This week we wanted to show an interesting review on formic acid.
This review shows the direct activity of formic acid as an additive to control bacterial growth in feed.
Indeed, it seems that formic acid and its derivatives can be a direct solution to control the level of salmonella in feed and subsequently obtain a direct and indirect antimicrobial effect in the gastrointestinal tract, although as the article clarifies they are related actions but do not follow exactly the same mechanism of action.
It is also important to mention that the effect of formic acid may be limited due to several factors such as the buffering capacity of several of the components of the feed or drinking water.

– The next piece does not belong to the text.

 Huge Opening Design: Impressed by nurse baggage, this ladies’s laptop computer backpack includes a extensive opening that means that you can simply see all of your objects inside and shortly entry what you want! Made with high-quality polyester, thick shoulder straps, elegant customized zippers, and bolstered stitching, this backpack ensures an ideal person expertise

Another fact to consider is that when talking specifically about the action of formic acid in the intestinal tract, it seems that this is limited to the anterior sections as the concentration probably decreases in the posterior parts, but it seems that this problem can be solved by supplementing part of the acid in the form of effective encapsulates as for example we do in Nutribiogenics with the NBG Protect technology.

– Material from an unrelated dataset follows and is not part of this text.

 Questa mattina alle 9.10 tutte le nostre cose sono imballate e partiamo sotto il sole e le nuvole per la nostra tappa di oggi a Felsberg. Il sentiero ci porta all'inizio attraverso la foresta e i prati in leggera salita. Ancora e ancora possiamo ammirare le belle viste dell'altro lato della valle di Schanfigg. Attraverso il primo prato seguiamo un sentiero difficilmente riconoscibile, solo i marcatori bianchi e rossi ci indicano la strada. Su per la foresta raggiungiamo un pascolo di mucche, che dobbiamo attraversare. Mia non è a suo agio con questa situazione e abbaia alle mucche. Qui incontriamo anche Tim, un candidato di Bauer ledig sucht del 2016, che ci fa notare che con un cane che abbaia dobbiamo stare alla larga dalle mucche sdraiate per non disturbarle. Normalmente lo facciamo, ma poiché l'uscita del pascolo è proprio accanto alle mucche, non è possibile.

It is also commented that there are some articles that propose the mixture of organic acids to improve the spectrum of action and therefore the efficacy, but this will depend on whether our objective is to control only salmonella and other enterobacteria with similar sensitivity or we want to have a broader antimicrobial solution that includes even fungi where for example propionic acid is shown as a good option.
Finally, just indicate that the doses to be used vary depending on the concentration, the protection, the problem to be treated and the type of ingredients in the diet. For example, for commercial products with a concentration of 30% the doses vary from 1 to 5 kg per ton of feed.